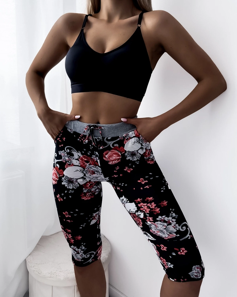 - Pohodlné dámské 3/4 kraťasy s kapsami, z bavlněné látky s květinami. Model má v pase gumu a uzlované válečky. POZNÁMKA: Přesnost měření (+/-) 1 cm.
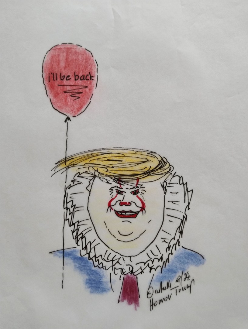 Die Rückkehr des Donald Trump – Gott behüte uns davor: Vier Jahre lang hat ein durchgeknallter Horror-Clown ein ganzes Land (und die Welt) ins Chaos gestürzt. Jetzt ist, seit einiger Zeit, das Grauen zurück. Donald Trump unternimmt einen weiteren Versuch, Präsident zu werden. Gott behüte uns vor dieser Wiederwahl im November!!!
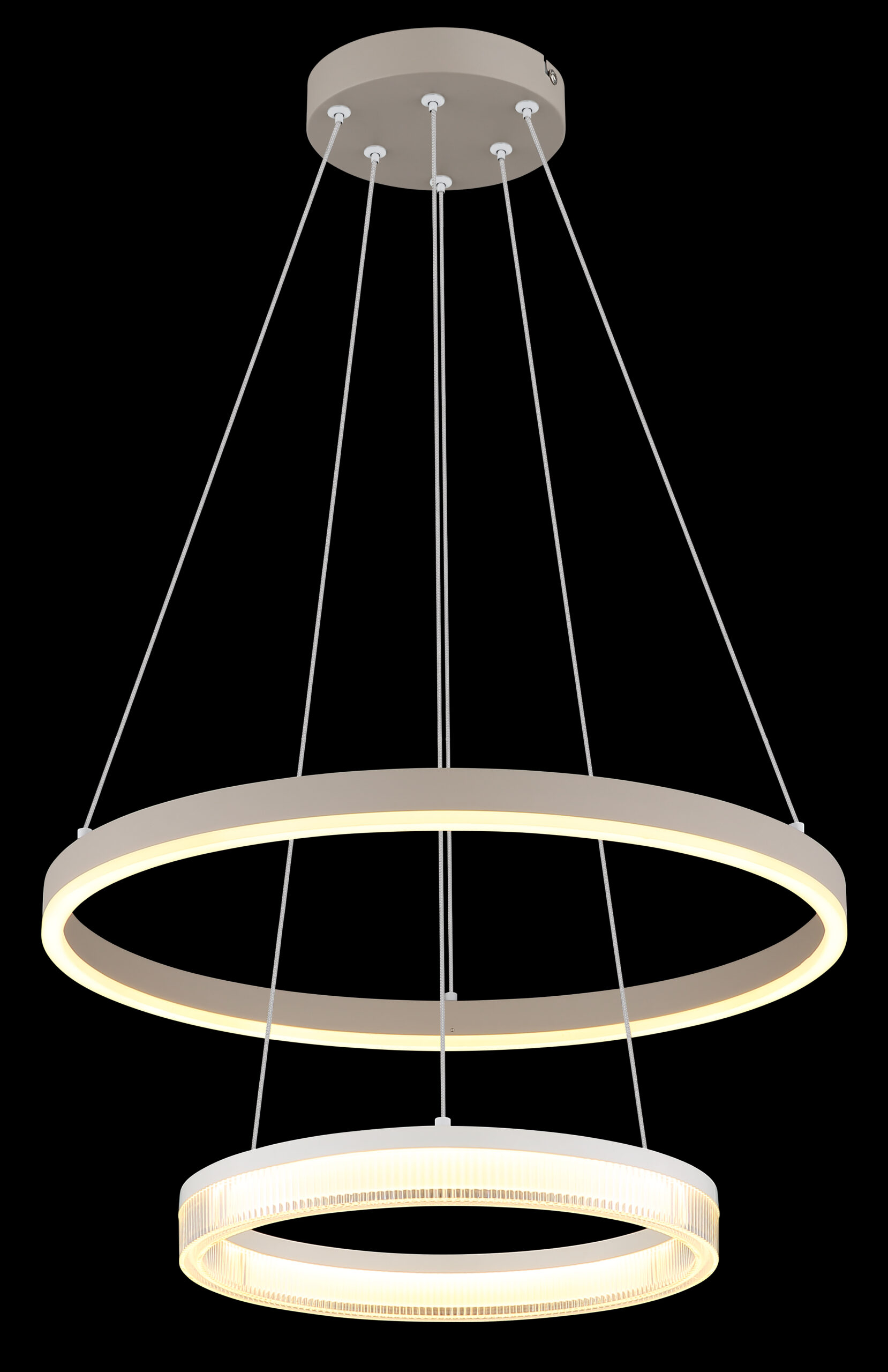 Okrugla viseća lampa ZARA kombinuje moderan dizajn sa funkcionalnom fleksibilnošću. S promjerom od 430 mm i dva podesiva ukrasna prstena, nudi raznovrsne stilske mogućnosti i stvara elegantne akcente preko stolova za ručavanje, u dnevnim sobama ili ulazima. Mat metalno kućište boje pijeska daje uređaju topao, sofisticiran izgled koji se dobro uklapa u moderne i skandinavske interijere. Sjenilo, napravljeno od bijele i prozirne plastike, osigurava meku, ravnomjernu distribuciju svjetlosti bez odsjaja. Integrisani LED (uključen) emituje prijatno toplo belo svetlo na 3000K, pružajući izvanrednu energetsku efikasnost i dug životni vek. Zahvaljujući podesivim prstenovima, svjetlosni efekat se može personalizirati prema vašim potrebama. ZARA nije samo moderan izvor svjetlosti – ona je i fleksibilan element dizajna koji ispunjava zahtjeve modernih interijera koji traže i formu i funkciju.
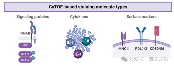 Step2.抗體孵育與細胞處理(圖2-6):將單細胞懸液與帶有金屬標簽的抗體進行孵育。抗體與細胞內(nèi)的目標蛋白質(zhì)結合,形成抗體 - 蛋白質(zhì)復合物,以便后續(xù)的檢測。如果要檢測胞內(nèi)的靶標,則需要進行細胞破膜(permeabilization)處理。通常使用化學物質(zhì)或物理方法破壞細胞膜,使抗體能夠進入細胞內(nèi),與細胞內(nèi)的蛋白質(zhì)結合,除了使用的是帶有金屬元素標簽的抗體,過程與傳統(tǒng)熒光流式的檢測流程也無差別。
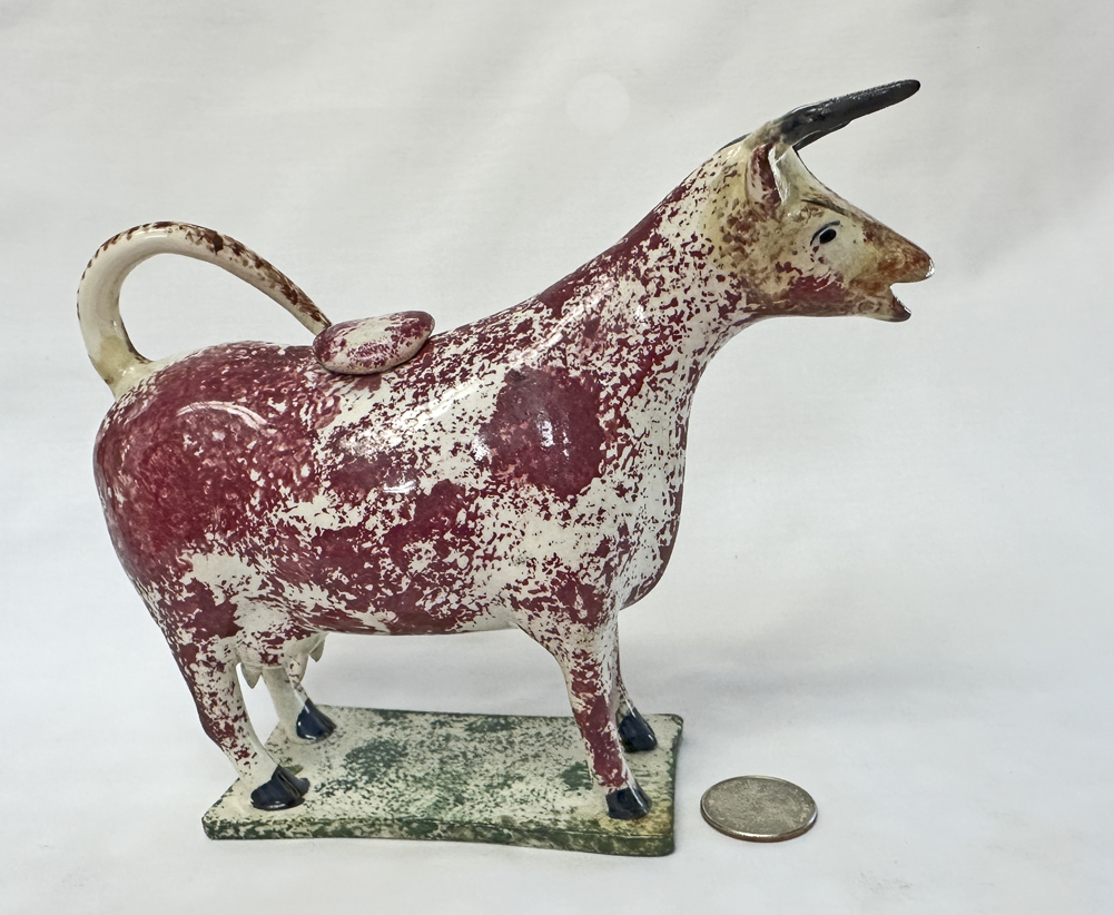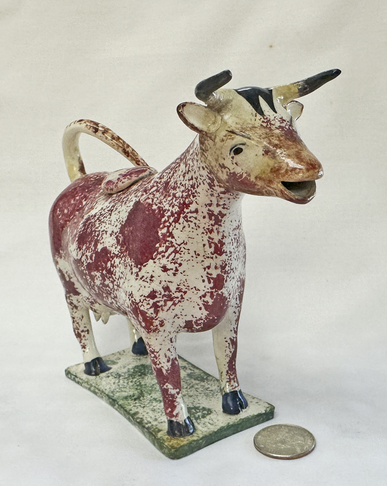 Cow creamers were, of course, only a very small component of the wares produced in Staffordshire, which had been noted for its potteries for hundreds of years. Most pieces naturally were simply utilitarian – bowls, pots, plates, etc.  Starting in the 1700s, in keeping with the overall trends of industrialization in Britain, the potteries became more mechanized and organized, and so they remain today although there has been an almost infinite number of changes in process as well as ownership and organization of the firms.   There are a number of good sources for the potteries history, but for a short version I’d suggest   http://www.historynet.com/potteries-of-staffordshire.htm .  At around the middle of the 18th century, in response to a growing demand for both quality and decoration, the potters began to complement their functional items with figures of people and animals. Not unnaturally some of these more fanciful items also were designed to serve useful purposes such as holding spills, and – after they became popular – serving milk and cream.   For a brief introduction to the art of the very popular (and still very highly sought by collectors) Staffordshire figure, try http://www.adelekenny.com/-staffordshire-figures.html. For those who want a more in-depth treatment, I can heartily recommend Pat Halfpenny’s excellent book, "English Earthenware Figures, 1740-1840", published by the Antique Collector’s Club and available through a number of used book sellers both in the UK and the US.
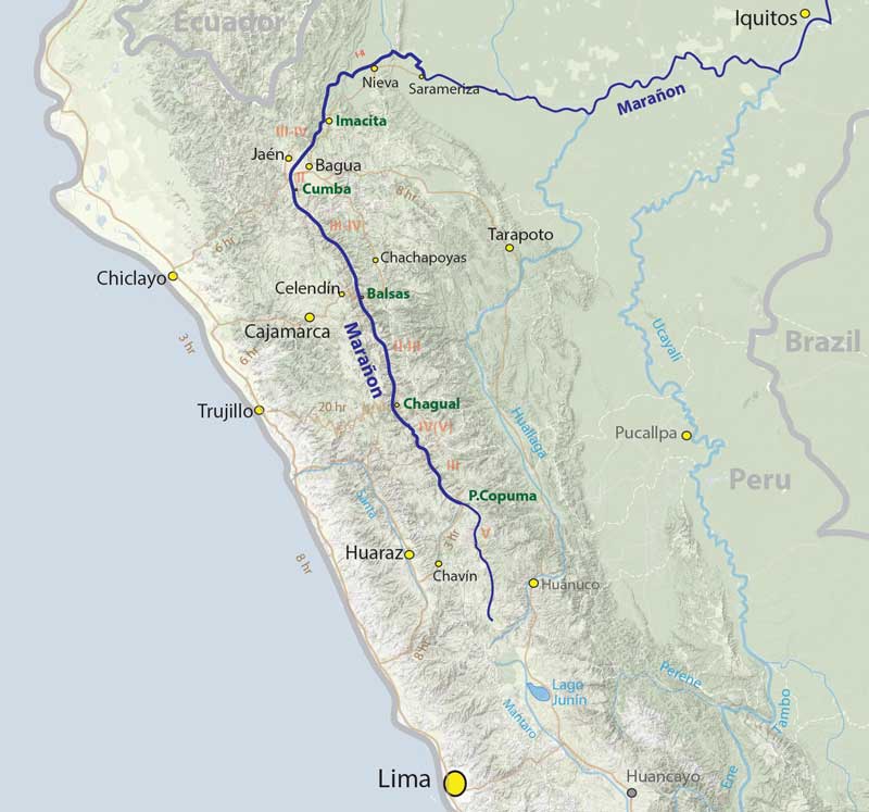 MARAÑON OVERVIEW MAP This shows a general overview of Río Marañon and the various access points. Times are bus routes between general cities. Regular flights are available from Lima to Cajamarca, Chiclayo or Tarapoto. In 2012 there were flights from Trujillo to Chagual on Thursday and Saturday morning. Topo maps of the river are also available.
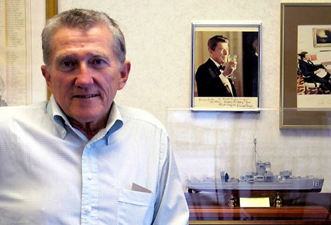 image above: ex Navy Secretary Lehman in office with model of WW2 warship on which he served
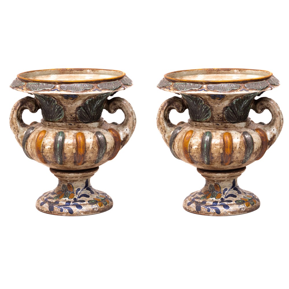 COPPIA VASI a cratere in ceramica decorata e smaltata.
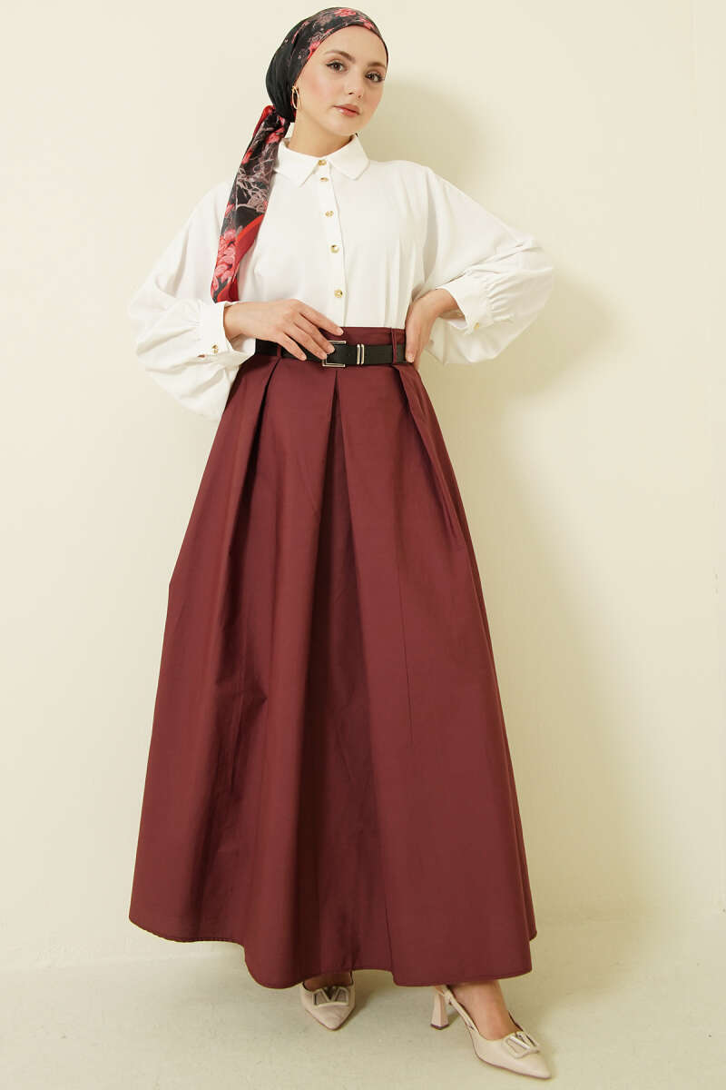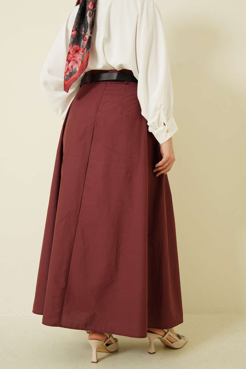 Kemerli Geniş Pileli Poplin Etek Bordo
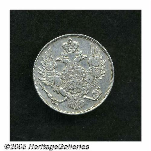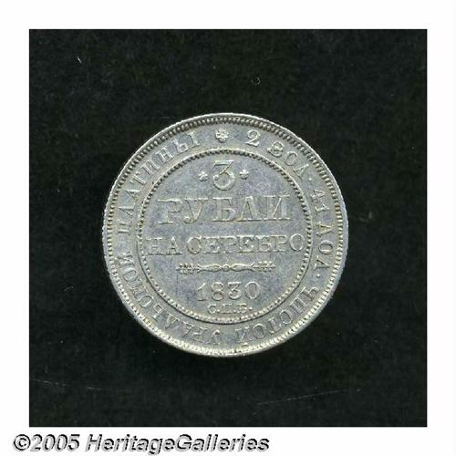 <B>Nicholas I Platinum 3 Rubles 1830 St. Petersburg,</B></I> KM-C177, XF.
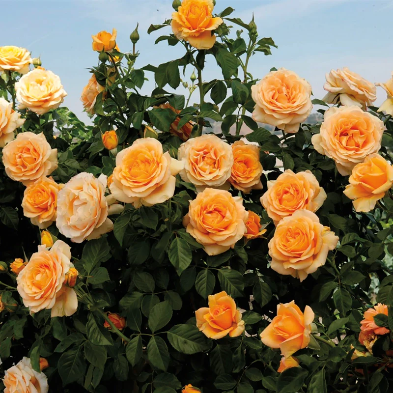 Your garden will reach new heights with this exceptional climbing rose from renowned hybridizer Tom Carruth. Each 3.5-4" flower head contains 35-45 petals and gives off a deliciously fruity scent that attracts butterflies and other pollinators. Its vine-like stems and foliage can take this beautiful rose to heights of over 10' tall. Plant Golden Opportunity wherever you'd like to add vertical interest. Try it on sunny patios and pergolas, or add it to border gardens. The roses make a charming addition to cut flower arrangements, too. Rosa cv.'WEKausujucton' PPAF
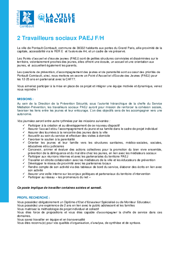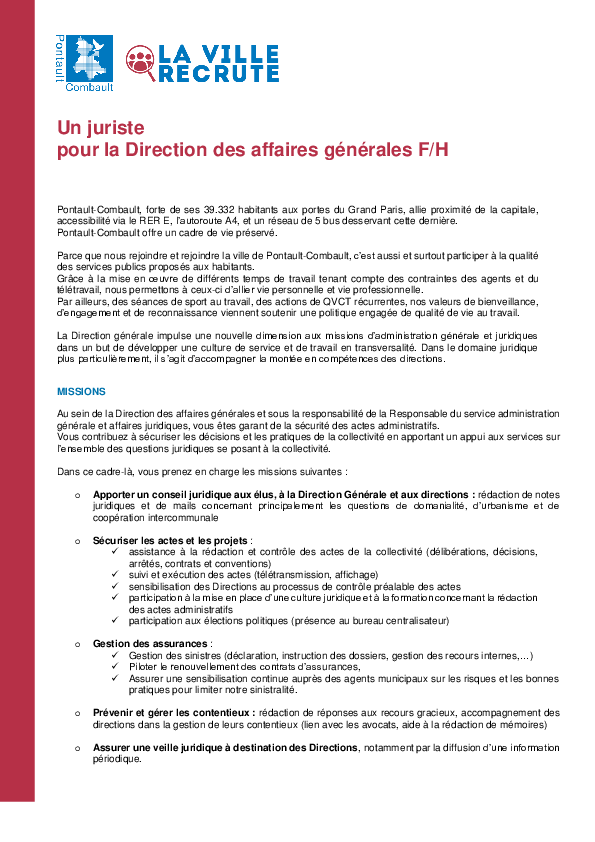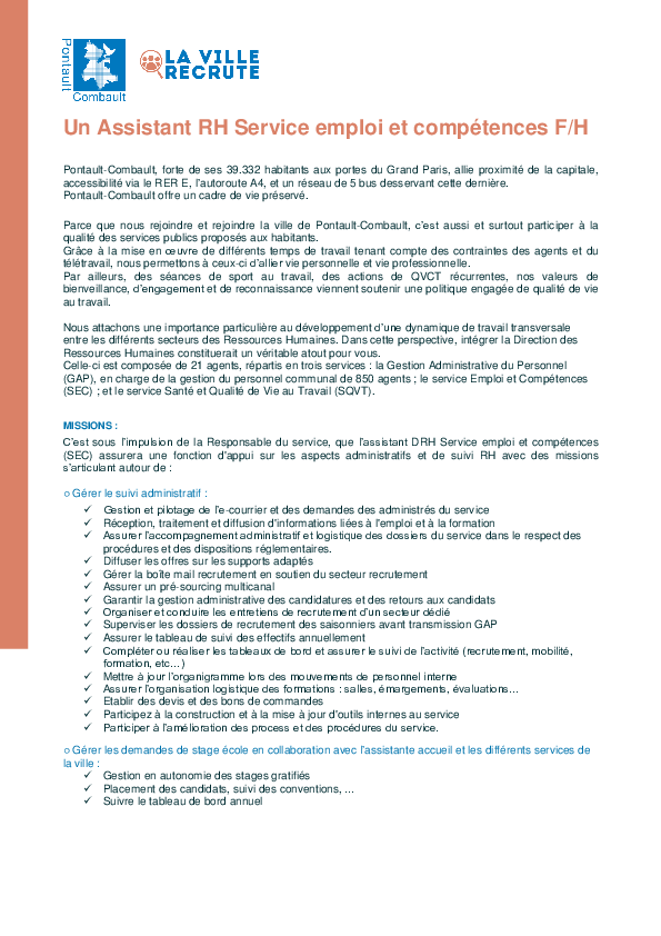 Vous pouvez envoyer votre candidature spontanée par mail à : recrutement@pontault-combault.fr

---------------

Task brief :: Produce the entries again, word for word, without any of their pictures.

Task result ::
 - Pohodlné dámské 3/4 kraťasy s kapsami, z bavlněné látky s květinami. Model má v pase gumu a uzlované válečky. POZNÁMKA: Přesnost měření (+/-) 1 cm.
 Die Rückkehr des Donald Trump – Gott behüte uns davor: Vier Jahre lang hat ein durchgeknallter Horror-Clown ein ganzes Land (und die Welt) ins Chaos gestürzt. Jetzt ist, seit einiger Zeit, das Grauen zurück. Donald Trump unternimmt einen weiteren Versuch, Präsident zu werden. Gott behüte uns vor dieser Wiederwahl im November!!!
 Okrugla viseća lampa ZARA kombinuje moderan dizajn sa funkcionalnom fleksibilnošću. S promjerom od 430 mm i dva podesiva ukrasna prstena, nudi raznovrsne stilske mogućnosti i stvara elegantne akcente preko stolova za ručavanje, u dnevnim sobama ili ulazima. Mat metalno kućište boje pijeska daje uređaju topao, sofisticiran izgled koji se dobro uklapa u moderne i skandinavske interijere. Sjenilo, napravljeno od bijele i prozirne plastike, osigurava meku, ravnomjernu distribuciju svjetlosti bez odsjaja. Integrisani LED (uključen) emituje prijatno toplo belo svetlo na 3000K, pružajući izvanrednu energetsku efikasnost i dug životni vek. Zahvaljujući podesivim prstenovima, svjetlosni efekat se može personalizirati prema vašim potrebama. ZARA nije samo moderan izvor svjetlosti – ona je i fleksibilan element dizajna koji ispunjava zahtjeve modernih interijera koji traže i formu i funkciju.
 Step2.抗體孵育與細胞處理(圖2-6):將單細胞懸液與帶有金屬標簽的抗體進行孵育。抗體與細胞內(nèi)的目標蛋白質(zhì)結合,形成抗體 - 蛋白質(zhì)復合物,以便后續(xù)的檢測。如果要檢測胞內(nèi)的靶標,則需要進行細胞破膜(permeabilization)處理。通常使用化學物質(zhì)或物理方法破壞細胞膜,使抗體能夠進入細胞內(nèi),與細胞內(nèi)的蛋白質(zhì)結合,除了使用的是帶有金屬元素標簽的抗體,過程與傳統(tǒng)熒光流式的檢測流程也無差別。
 Cow creamers were, of course, only a very small component of the wares produced in Staffordshire, which had been noted for its potteries for hundreds of years. Most pieces naturally were simply utilitarian – bowls, pots, plates, etc.  Starting in the 1700s, in keeping with the overall trends of industrialization in Britain, the potteries became more mechanized and organized, and so they remain today although there has been an almost infinite number of changes in process as well as ownership and organization of the firms.   There are a number of good sources for the potteries history, but for a short version I’d suggest   http://www.historynet.com/potteries-of-staffordshire.htm .  At around the middle of the 18th century, in response to a growing demand for both quality and decoration, the potters began to complement their functional items with figures of people and animals. Not unnaturally some of these more fanciful items also were designed to serve useful purposes such as holding spills, and – after they became popular – serving milk and cream.   For a brief introduction to the art of the very popular (and still very highly sought by collectors) Staffordshire figure, try http://www.adelekenny.com/-staffordshire-figures.html. For those who want a more in-depth treatment, I can heartily recommend Pat Halfpenny’s excellent book, "English Earthenware Figures, 1740-1840", published by the Antique Collector’s Club and available through a number of used book sellers both in the UK and the US.
 MARAÑON OVERVIEW MAP This shows a general overview of Río Marañon and the various access points. Times are bus routes between general cities. Regular flights are available from Lima to Cajamarca, Chiclayo or Tarapoto. In 2012 there were flights from Trujillo to Chagual on Thursday and Saturday morning. Topo maps of the river are also available.
 image above: ex Navy Secretary Lehman in office with model of WW2 warship on which he served
 COPPIA VASI a cratere in ceramica decorata e smaltata.
 Kemerli Geniş Pileli Poplin Etek Bordo
 <B>Nicholas I Platinum 3 Rubles 1830 St. Petersburg,</B></I> KM-C177, XF.
 Your garden will reach new heights with this exceptional climbing rose from renowned hybridizer Tom Carruth. Each 3.5-4" flower head contains 35-45 petals and gives off a deliciously fruity scent that attracts butterflies and other pollinators. Its vine-like stems and foliage can take this beautiful rose to heights of over 10' tall. Plant Golden Opportunity wherever you'd like to add vertical interest. Try it on sunny patios and pergolas, or add it to border gardens. The roses make a charming addition to cut flower arrangements, too. Rosa cv.'WEKausujucton' PPAF
 Vous pouvez envoyer votre candidature spontanée par mail à : recrutement@pontault-combault.fr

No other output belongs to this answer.